Doing it rightCharles Thomas, Ph.D., a U.S. Department of Energy representative who has participated in a number of enhanced oil recovery studies, praised EOR efforts on the North Slope.
“Prudhoe Bay got into gas and water injection — it started very early (in the field’s life), which was the right thing to do,” he said. “As technology came along, it was either applied or developed at Prudhoe Bay, where it was all put together in a very intelligent way.”
Thomas said EOR enabled producers to boost recovery estimates of crude from Prudhoe Bay from about 9 billion barrels at the start of Prudhoe Bay’s development to 10.2 billion in 1986, and to more than 14 billion barrels today.
Miscible injectant projects at Kuparuk also have helped to increase production at that field, which is the second-largest in North America and also contains heavy oil, he said.
Exploring newer frontiersContinued slope research is focused on the heavy oil, Thomas said.
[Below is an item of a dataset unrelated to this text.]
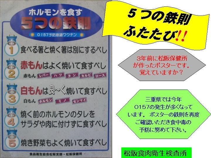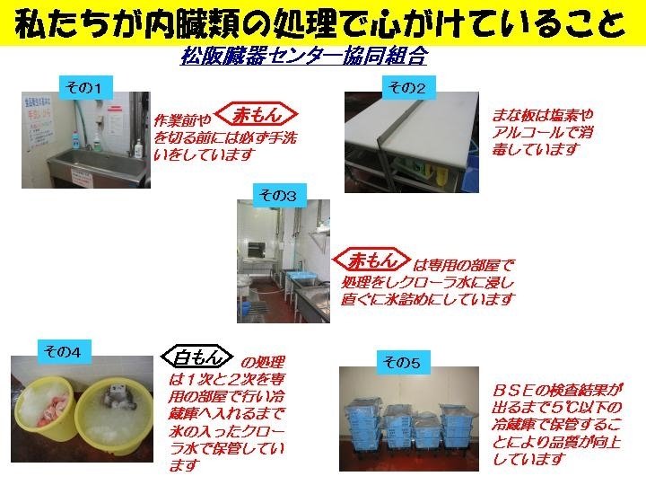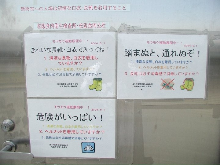 :平成 14年 6月~ 10月 モウモウ運動 (ア)掲示板・講習会・ホームページを利用した衛生知識の普及とコミ ュニケーションの強化 (イ)デジカメ画像を提示することによる剥皮・解体行程の見直し (ウ)搬送車の衛生管理の徹底 (エ)保健所と連携した衛生知識普及活動 (オ)衛生対策会議の開催 (カ)見学者の受け入れ 平成 16年度 ・ モーモー掲示板による衛生知識の普及とコミュニケーション ・ チラシによる個人周知 ・ 白衣・長靴に加え、ヘルメットの貸し出し ・ 業種別衛生講習会: 食肉処理従業員、松阪食肉公社職員、内 臓取扱い業者及び従業員対象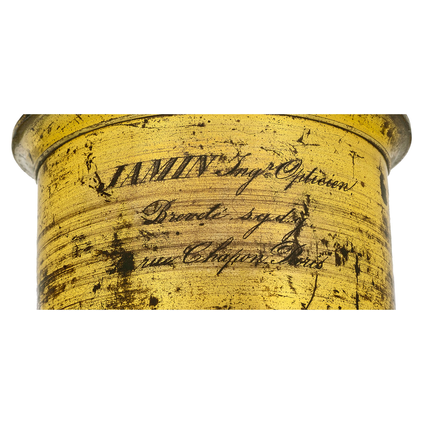 Jamin Ing. Opticien, Paris, rue Chapon 14. Brass mount is unnumbered, Petzval type with a front achromatic lens approx. 8.9 mm thick, focal length 4/32 cm, front and rear lenses (both screw-on) have the same diameter of 78 mm, not yet configured for plug-in apertures, focusing screw missing, but the tube slides smoothly, and the glass is clean under point light, height with sunshade 22.4 cm. Probably one of Jamin's last classic Petzval models before he decided to construct the Conus Centraliseur with a larger rear lens (and different specifications). A comparison of a later lens to a Conus lens would show why this idea was such a success. A very rare find.

“Outside of finding new fields, we’re looking at enhanced oil recovery in heavy oils, which is a major target of about 25 to 30 billion barrels of oil,” Pospisil said.
Recovering 3 billion to 5 billion barrels of this crude would be quite a prize, the owners say.
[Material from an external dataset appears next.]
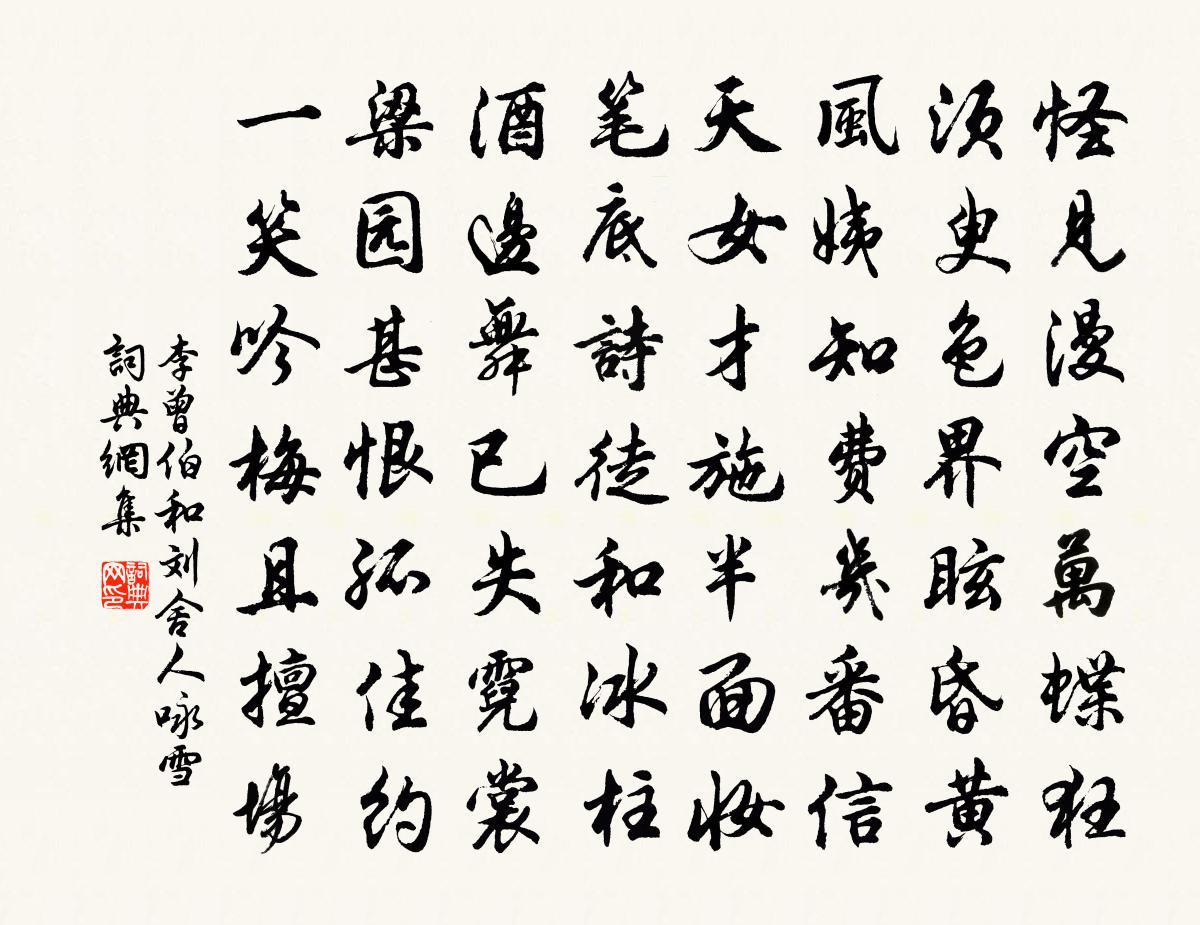 詩詞名句歷史字典書法欣賞書法字典國語詞典說文解字康熙字典古漢語字典標 題 作 者 詩 句 和劉舍人詠雪作者:李曾伯 朝代:宋代和劉舍人詠雪原文怪見漫空萬蝶狂,須臾色1~1界眩昏黃。風姨知費幾番信,天女才施半面妝。筆底詩徒和冰柱,酒邊舞已失霓裳。梁園甚恨孤佳約,一笑吟梅且擅場。詩詞問答問:和劉舍人詠雪的作者是誰?答:李曾伯問:和劉舍人詠雪寫於哪個朝代?答:宋代李曾伯和劉舍人詠雪書法欣賞和劉舍人詠雪書法作品詩詞推薦春日自省二首白玉蟾〔宋代〕雪洗桃花面,煙描柳葉眉。與春同是夢,安用賞春為。四時田園雜興 春日范成大〔宋代〕土膏欲動雨頻催,萬草千花一餉開。舍後荒畦猶綠秀,鄰家鞭筍過牆來。好事近王之道〔宋代〕霞影入瑤觴,酒與餘霞同色。人共昌朝方永,過觥籌三百。一枝紅皺石榴裙,簾卷篆煙碧。約我他年湖上,看九華丁收仲寺丞輓詩蔡戡〔宋代〕元佑名卿後,甘盤舊學臣。肯堂真有子,論世豈無人。仕至二千石,年垂八十春。哀榮子毋憾,全福更誰論。方稚川恕齋五絕曾豐〔宋代〕一心貫群倫,乃是吾祖事。耳孫不繩武,愧子兩大字。送鄭少府赴滏陽岑參〔唐代〕子真河朔尉,邑裡帶清漳。春草迎袍色,晴花拂綬香。青山入官舍,黃鳥度宮牆。若到銅台上,應憐魏寢荒。湖上閒望白居易〔唐代〕藤花浪拂紫茸條,菰葉風翻綠剪刀。閒弄水芳生楚思,時時合眼詠離騷。和象翁絕句衛宗武〔宋代〕舟行必水陸行車,此地無桑只種麻。安得野蠶生活萬,化成絲繭遍家家。簡寂觀祖無擇〔宋代〕順風曾出帝王尊,身後高名與觀存。石室深居廣成子,布囊薄葬楊王孫。流塵冪冪凝丹灶,清吹徐徐觸絳旛。牢落李宗古出示謝李道人苕帚杖從蔣彥回乞葬地二黃庭堅〔宋代〕提攜禪客扶衰杖,斷當姻家葬骨山。因病廢棋仍廢酒,鷓鴣鸚鵡伴清閒。端午帖子太上皇后閣周必大〔宋代〕艾葉雙人巧,菖花九節榮。玉皇膺曼壽,金母共長生。病中丘葵〔宋代〕數日喉何嗄,三年肺未蘇。自知愁不禁,誰復問何如。病體作冬夜,山莊獨老夫。恐傷阿{上彌下女}意,不敢寄點絳唇王十朋〔宋代〕闌檻陰沈,紫雲呈瑞餘寒凜。捲簾猗枕。香逼幽人寢。入夢何年,廬阜聞名稔。風流甚。阿誰題品。喚作熏籠錦。月夕睡起獨吟有懷建康參政陸游〔宋代〕月上虛堂一榻橫,斷香漠漠欲三更。隔簾清露挾秋氣,繞樹驚鴉啼月明。只怪夢尋千里道,不知愁作幾重城?苦吟戲題玉台集李覯〔宋代〕江右君臣筆力雄,一言宮體便移風。始知姬旦無才思,祗把豳詩詠女功。村舍書事陸游〔宋代〕紙窗百衲地爐紅,圍坐牛醫卜肆翁。時節杯盤來往熟,朝晡鹽酪有無通。男丁共結春耕耦,婦女相呼夜績同。老子醉中懷江湖舊遊偶作短歌陸游〔宋代〕無渡河,浪花無蒂高崢嶸;莫登樓,茫茫芳草難為情。華軒寶馬只好路旁看,冶金伐石空留後世名。古來惟有竹林投謁齊己乾康〔唐代〕隔岸紅塵忙似火,當軒青嶂冷如冰。烹茶童子休相問,報導門前是衲僧。送希甫使蜀孔武仲〔宋代〕漢節西南出,征鞍萬里賒。清朝早敭歷,遠使更光華。山壯蠶叢國。雲深杜宇家。暫宣寬大詔,恩信及天涯。寄南康徐大夫孔武仲〔宋代〕山南泉石有餘清,幾日籃輿天上行。亦欲西園伴飛蓋,龐公不慣入州城。名句推薦非得賢之難,用 之難。非用之難,信之難。房玄齡《晉書·列傳·第二十二章》 苕之華,其葉青青。佚名《苕之華》 救人須救急,施人須當厄。馮夢龍《醒世恆言·卷十》 春日載陽,有鳴倉庚。佚名《七月》 天下英雄誰敵手?曹劉。生子當如孫仲謀辛棄疾《南鄉子·登京口北固亭有懷》 非我而當者,吾師也;是我而當者,吾友也;諂諛我者,吾賊也。荀子《荀子·修身》 蓬鬢哀吟長城下,不堪秋氣入金瘡。盧綸《逢病軍人》 燕子不知人去也,飛認闌乾。韓疁《浪淘沙·莫上玉樓看》 舉目山河異,偏傷周顗情。李白《金陵新亭》 勸君莫打枝頭鳥,子在巢中望母歸。白居易《鳥》

Biotechnology and nanotechnology offer new promise for the future, according to Tony Meggs, BP group vice president for technology. On the biotech side, researchers want to produce a microorganism that will gobble up all residual oil in the reservoir and return it to the surface. Nanotechnology also could produce new EOR materials, he said.
Continuing the flow of crude through the trans-Alaska oil pipeline is crucial to Alaska’s oil industry. Thanks to advances in EOR technology, the producers stand a good chance of keeping the oil flowing for many years to come and doing it without significantly increasing its footprint in the Arctic.